If you want to do any learning about stats, learn about this guy, because it comes up all the time. Very few people can do this math well, and that includes the majority of doctors. Yup, the same people most likely to tell you “your test came back positive” frequently can’t accurately calculate how worried you should really be.

So what can we do about it?

Well, learn a little math! Like I said, I’m thinking I need a follow up post just on this topic so I have a reference for this. However, if you’re really not mathy, just remember this: there’s more than one way to be wrong. Any time you reduce your chances of being wrong in one direction, you probably increase them in another. In criminal justice, if we make sure we never miss a guilty person, we might also increase the number of innocent people we falsely accuse. The reverse is also true. Testings, screenings, and judgment calls aren’t perfect, and we shouldn’t fool ourselves in to thinking they are.

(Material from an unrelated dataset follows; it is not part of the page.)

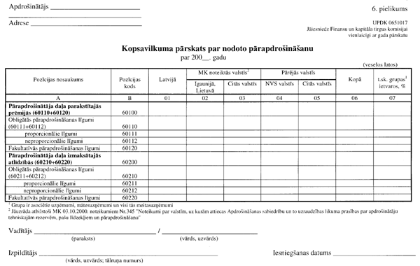 3.3. “Kopsavilkuma pārskata par nodoto pārapdrošināšanu” (UPDK 0651017 veidlapa; 6. pielikuma 1. lapa);
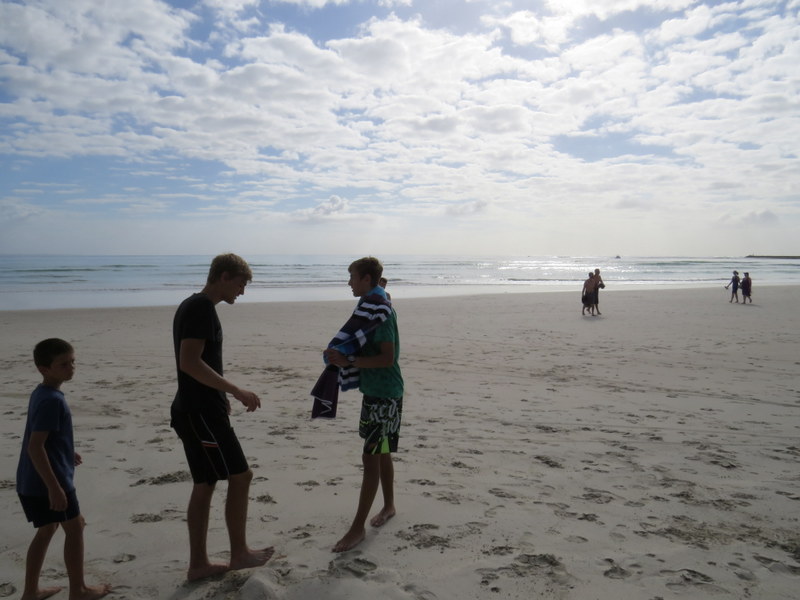 Before the hijinks began we rallied the troops and headed for the beach. It was overcast but there was not a breath of wind and the sea was as calm as a millpond.

Alright, on that happy note, I’ll bid you adieu for now. See ya next week!

Read Part 8 here.

4 thoughts on “Proof: Using Facts to Deceive (Part 7)

  1. Okay! “Shenanigans, Chicanery, and folks otherwise not understanding statistics and numbers” is the title of your course, though I would switch numbers and statistics just for emphasis and sound.

    If students can write any reasonably intelligent thing about all four on the list they should pass. Students who demonstrate real knowledge of all four should get awards at graduation. Multiply by 10,000 school districts.